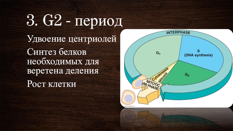 3. G2 - периодУдвоение центриолейСинтез белков необходимых для веретена деленияРост клетки
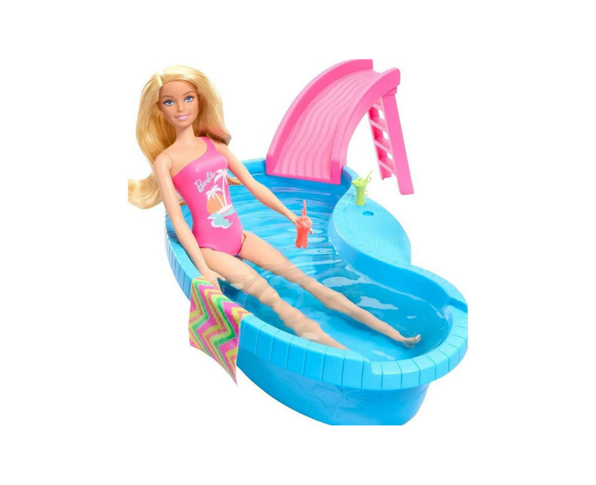 The Mattel Barbie Summer Pool with Doll Playset lets children enjoy endless poolside adventures with Barbie, featuring a pool, slide, and colorful accessories like a towel and two drinks. The set includes a Barbie doll in a pink tropical swimsuit, and can be expanded with additional dolls and playsets for more imaginative summer fun.
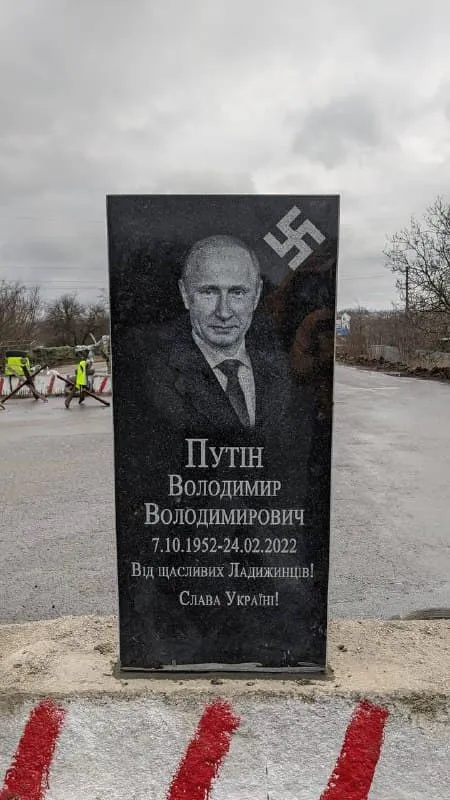 На въезде в город Ладыжин в Винницкой области создали надгробие с изображением Путина. На надгробии указали дату смерти – 24 февраля. Именно в этот день Россия атаковала территорию Украины по разным направлениям.
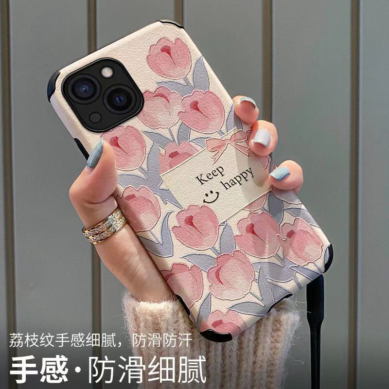 Ốp Điện Thoại Da Cừu Mềm Chống Sốc Hình Hoa Tulip Cho iphone 11 12 pro max 13 / 6 / 7 / 8plus / X max
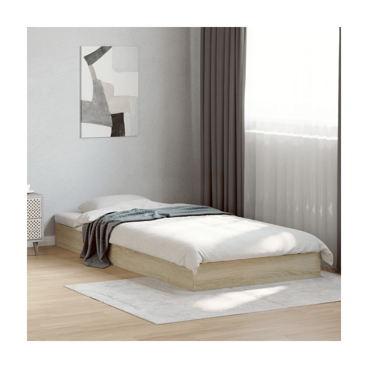 Consigue un sueño más reparador con esta estructura de cama. Es un aporte acogedor para cualquier dormitorio. Material duradero: La madera de ingeniería tiene una calidad excepcional, con una superficie lisa y también cuenta con fuerza, estabilidad y resistencia a la humedad. Listones robustos: Los listones de madera contrachapada proporcionan una buena distribución del peso, lo que garantiza que el colchón se mantenga en tu sitio con cada giro y vuelta del cuerpo mientras duermes. Diseño moderno: ¡Da un estilo moderno a tu casa! El moderno diseño posee líneas limpias, aspectos minimalistas y luz natural como parte del estilo de interiorismo. Información útil:El colchón no está incluido con la cama. Disponemos de una variada selección de colchones. Puedes echar un vistazo a nuestra tienda para buscar el colchón correspondiente.
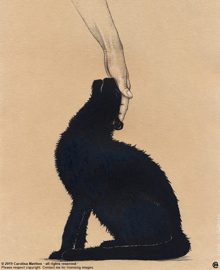artist, artwork, black cat, blackwhite, bohemian, cat, drawing, fluffy poppet, illustration, inkpen, inkspiration, inkwork, moggy, pen and ink, snuggle, traditional, trendy, unique
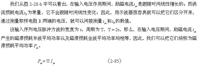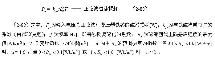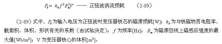 這裏順便指出,利用(2-88)和(2-89)式來分別測試變壓器鐵心的磁滯損耗和渦流損耗是非常困難的;一yi個ge是shi它ta們men的de係xi數shu很hen難nan決jue定ding,另ling一yi個ge是shi兩liang者zhe很hen難nan分fen別bie進jin行xing測ce量liang,或huo從cong測ce量liang結jie果guo中zhong進jin行xing分fen離li。對dui比bi兩liang式shi的de參can數shu就jiu可ke以yi知zhi道dao,它ta們men之zhi間jian最zui大da的de區qu別bie是shi頻pin率lv對dui損sun耗hao的de影ying響xiang程cheng度du;一個是與頻率成正比,另一個是與頻率的平方成正比。
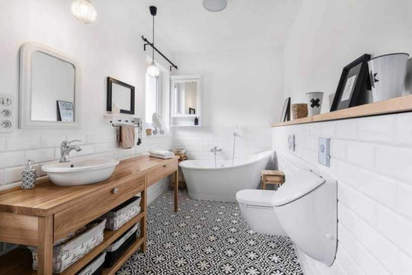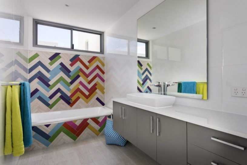 Если же вы желаете сузить комнату, по ее углам выкладывают контрастную плитку, имитирующую колонны, а зрительно уменьшить высоту помещения позволяют горизонтальные узоры с крупными элементами. Какой бы вариант вы ни выбрали, главное – заранее составить эскиз и убедиться, что схему можно реализовать на метраже вашей ванной, а важные составляющие узора не перекрываются сантехникой и мебелью.
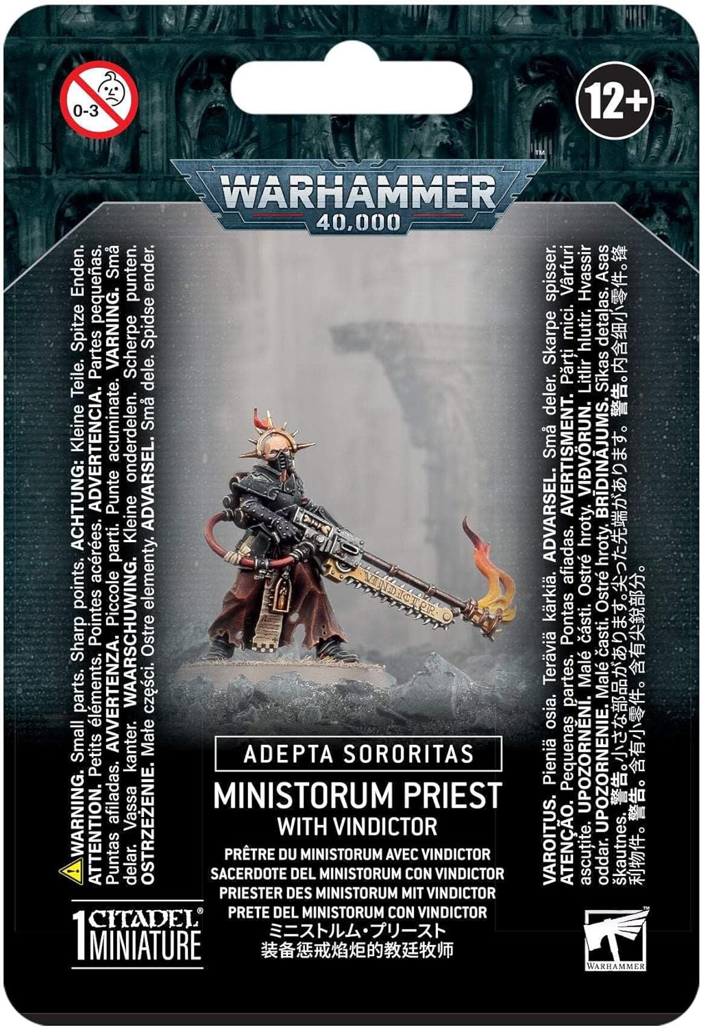 This multipart plastic miniature builds one Ministorum Priest, armed with the utterly deadly vindictor, a combination of a heavy chainsword and flamer. Leading from the front, this powerful support unit empowers nearby Adepta Sororitas units to fight all the harder.
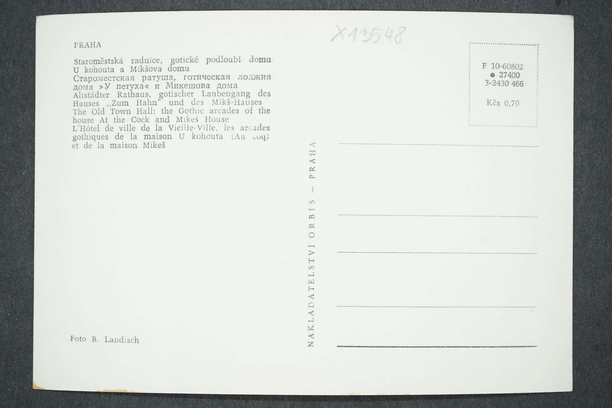 Postcard OLD PRAGUE. TOWN HALL GOTHIC ARCHES OF THE HOUSE U KOHOUTA AND MIKŠOVA HOUSE (x13548)
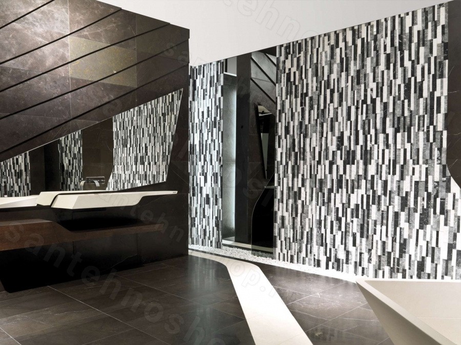 Мозаика из натурального камня и стекла с добавлением специальной смолы, которая украшена цветочными мотивами и имеет различную ширину, но одинаковую толщину.
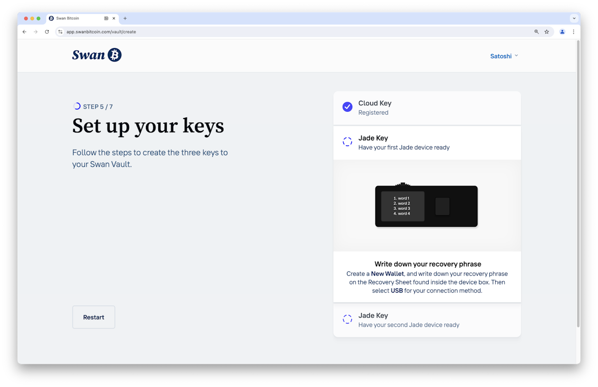 We carefully designed Swan Vault to remove the technical barriers and complexity that often deter people from embracing self-custody. Swan Vault empowers anyone to confidently take custody of their Bitcoin with guided on-screen setup to streamlined deposits and withdrawals. Blockstream Jade signing devices are straightforward and secure, making them the perfect companion to Swan Vault’s human-centered design. This ease of use does not come at the expense of security; instead, it is a harmonious blend of both, ensuring users enjoy peace of mind without navigating a complex technological maze.
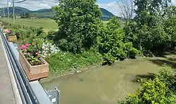 Bridge Road Patriots (Route 133) crosses the small river close to its mouth. It is 23 kilometres (14 mi) by road from this bridge to the village of Sainte-Madeleine.[5]
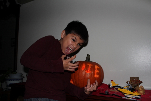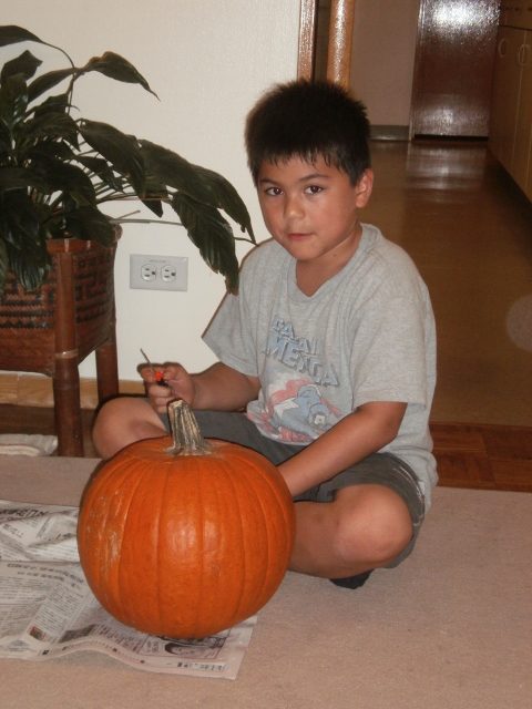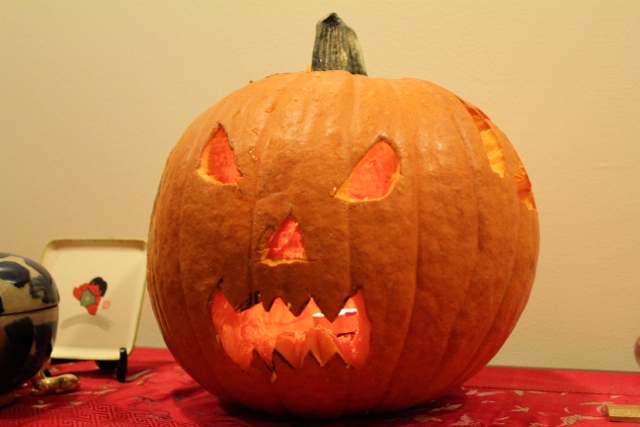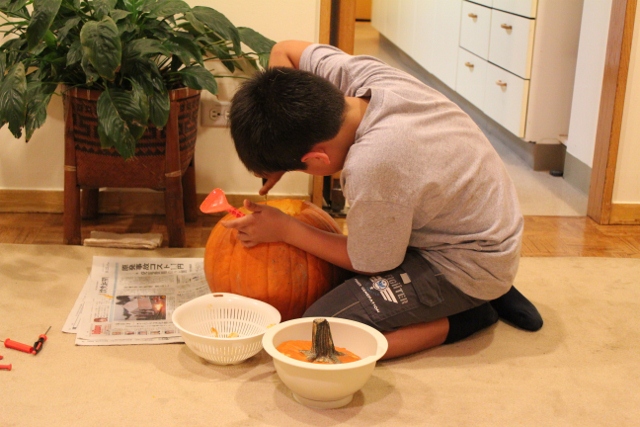 帰宅後盛り上がり気分のまま毎年恒例のパンプキンカーヴィング。ここ2年ほどは小陸が担当してます。

■ AIM OF THE TASK
Reproduce only the lines running from the beginning of the entries above to the line holding "The Mattel Barbie", inclusive. Pictures stay out of the copy.

■ EXERCISE SOLUTION
 3. G2 - периодУдвоение центриолейСинтез белков необходимых для веретена деленияРост клетки
 The Mattel Barbie Summer Pool with Doll Playset lets children enjoy endless poolside adventures with Barbie, featuring a pool, slide, and colorful accessories like a towel and two drinks. The set includes a Barbie doll in a pink tropical swimsuit, and can be expanded with additional dolls and playsets for more imaginative summer fun.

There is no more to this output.